* **Task instructions**: Only the lines from the one with "Características principales del" to the end of the data below should be given again, exactly, with both ends included and pictures omitted.
Raw data Start Marker
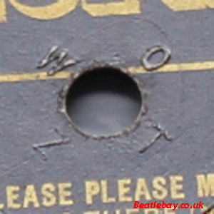 Another hard one to catch as only came out for what looks like a couple of single runs or at least until I find a 1,5 RHH / 6 GR press.. Both this and the rimmed version above have the extra Dot on the sold in the UK statement on side 1, so please keep a lookout for Non Dotted Uk Statement copies!. Again two versions of this (side 2, difference between the 1 & 2 for comparison). |
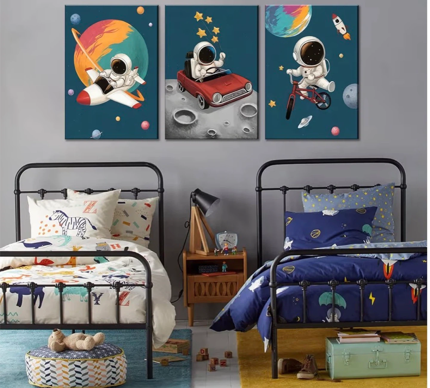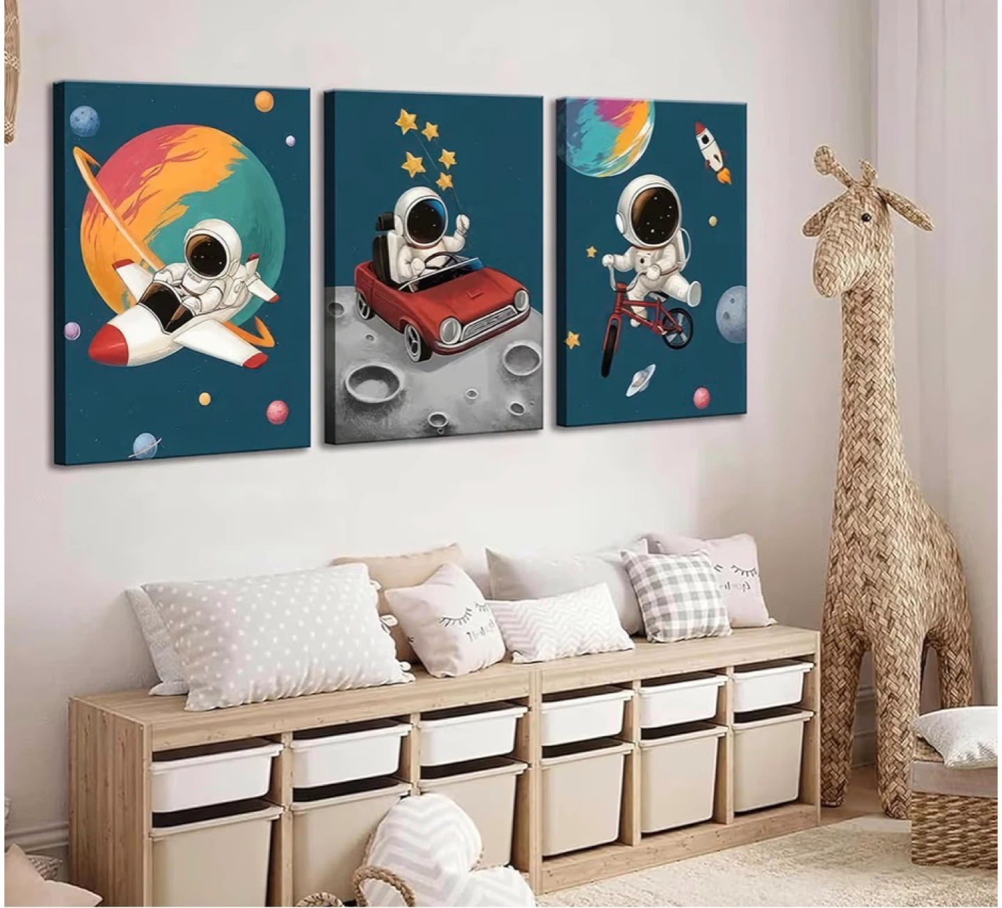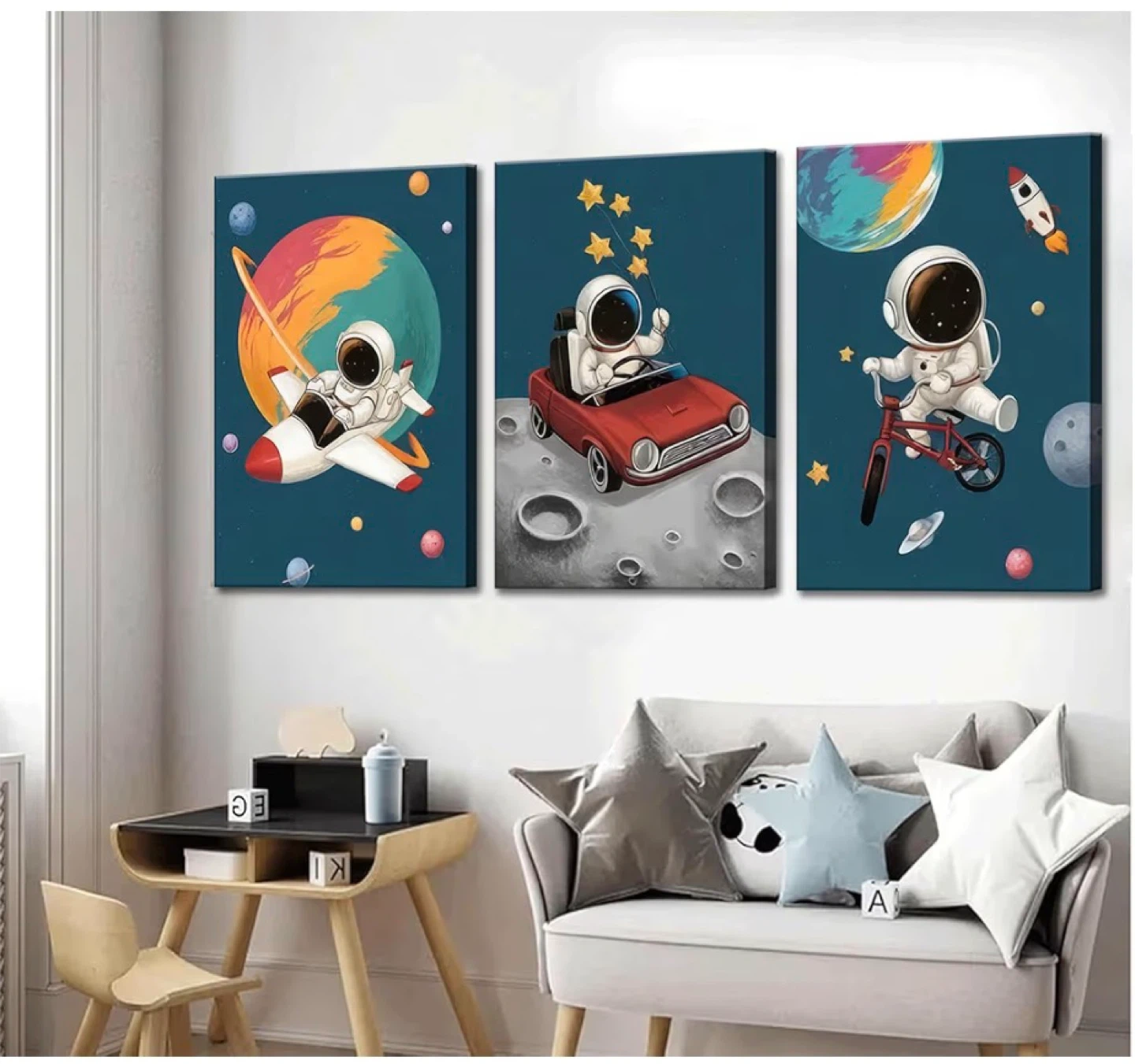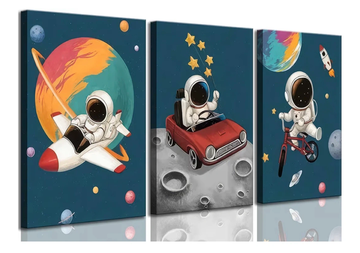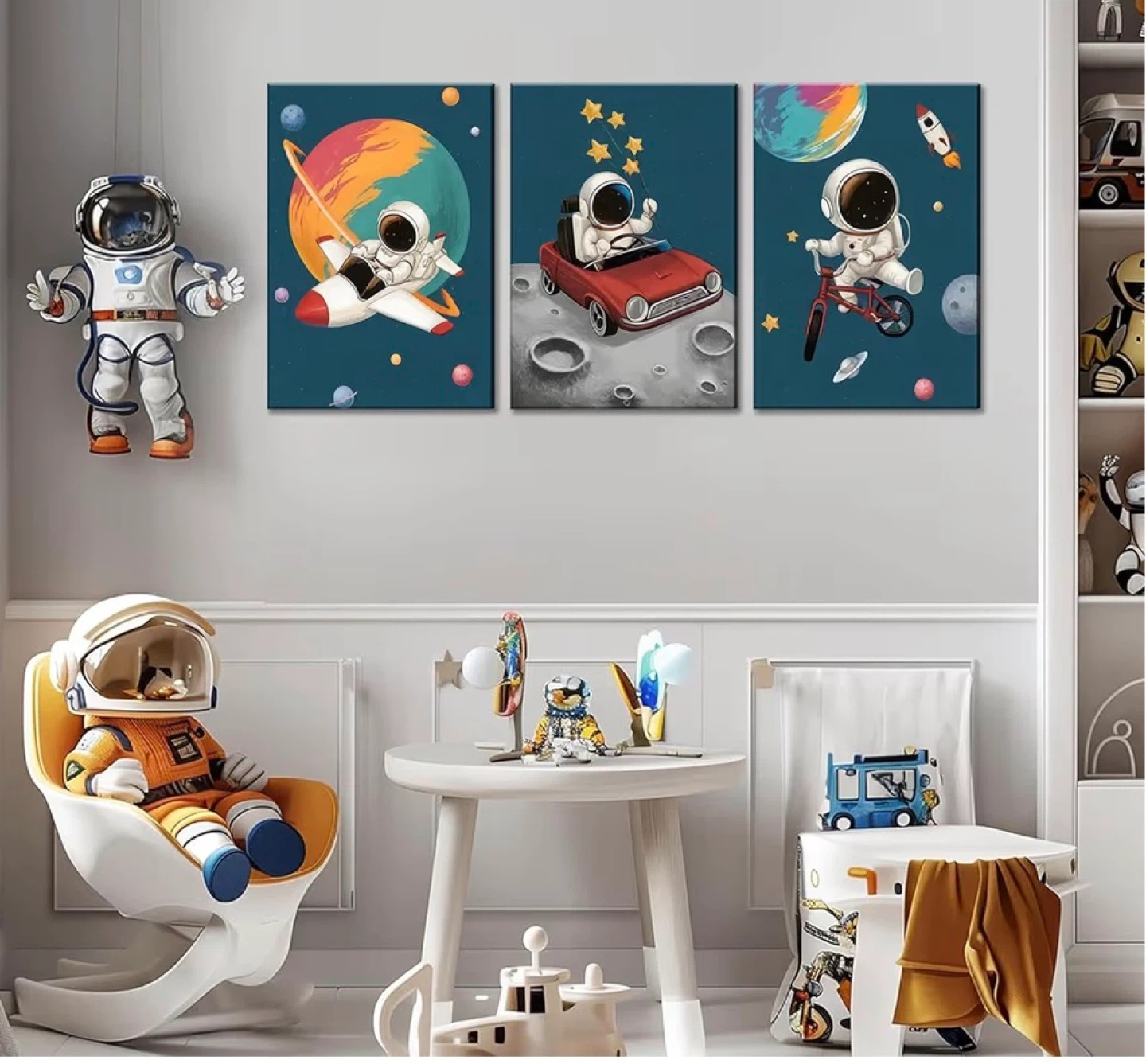 This is a set of three canvas wall art prints featuring astronauts in space. Each panel has a unique design with vibrant colors and playful imagery. It's a fun addition to a child's room or any space-themed decor!
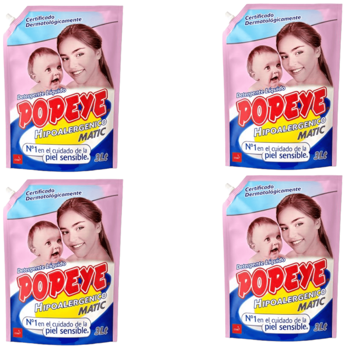 Características principales del Detergente Líquido Popeye Hipoalergénico Doypack 3 lts X 4 UN
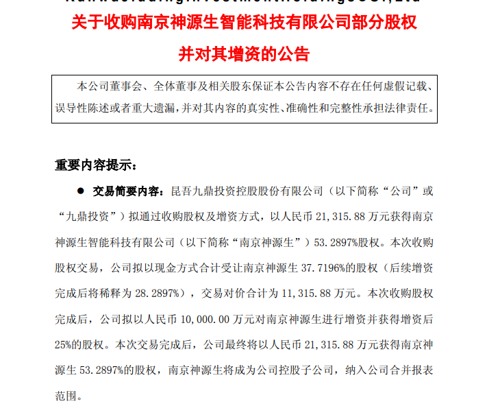 當(dāng)天晚間,九鼎投資披露重磅公告,公司擬通過收購股權(quán)及增資方式,以人民幣2.13億元獲得南京神源生智能科技有限公司(以下簡稱“南京神源生”)53.2897%股權(quán)。南京神源生將成為公司控股子公司,納入公司合并報(bào)表。
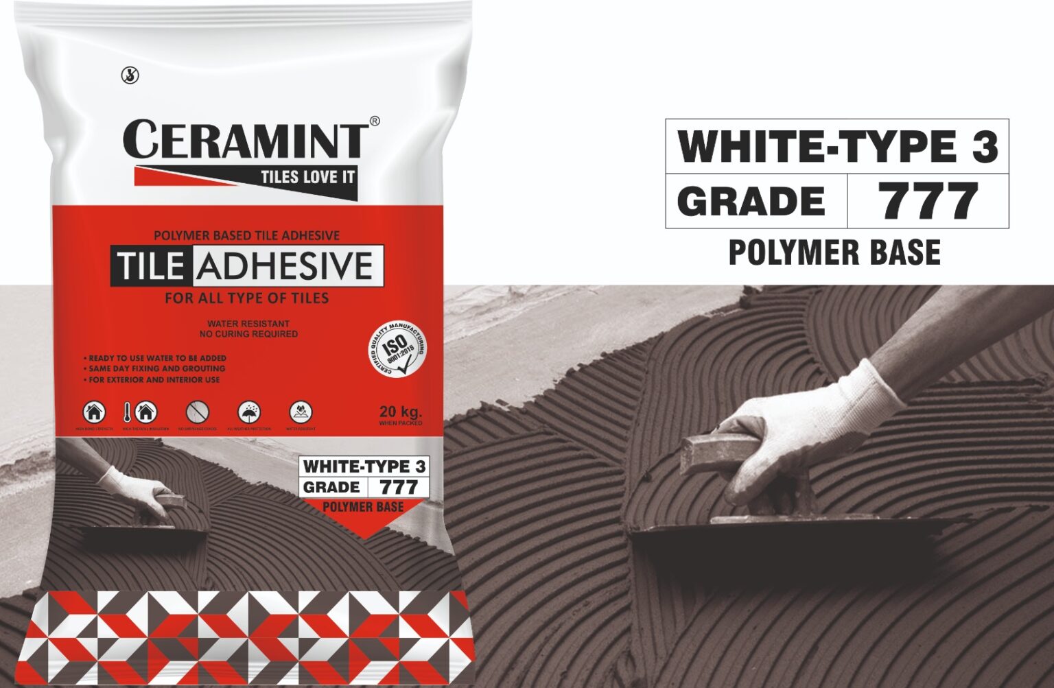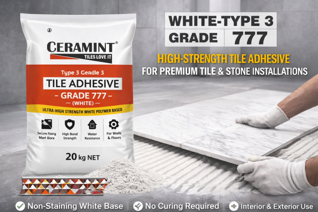 Ceramint Type 3 Tile Adhesive – Grade 777 (White) is a premium, polymer-based adhesive formulated for maximum bonding strength, superior flexibility, and flawless aesthetics. Its white base makes it ideal for marble, granite, natural stone, glass mosaic, and light-coloured tiles where appearance and performance are equally important.
Raw data End Marker
* **Answer area**:
 Características principales del Detergente Líquido Popeye Hipoalergénico Doypack 3 lts X 4 UN
 當(dāng)天晚間,九鼎投資披露重磅公告,公司擬通過收購股權(quán)及增資方式,以人民幣2.13億元獲得南京神源生智能科技有限公司(以下簡稱“南京神源生”)53.2897%股權(quán)。南京神源生將成為公司控股子公司,納入公司合并報(bào)表。
 Ceramint Type 3 Tile Adhesive – Grade 777 (White) is a premium, polymer-based adhesive formulated for maximum bonding strength, superior flexibility, and flawless aesthetics. Its white base makes it ideal for marble, granite, natural stone, glass mosaic, and light-coloured tiles where appearance and performance are equally important.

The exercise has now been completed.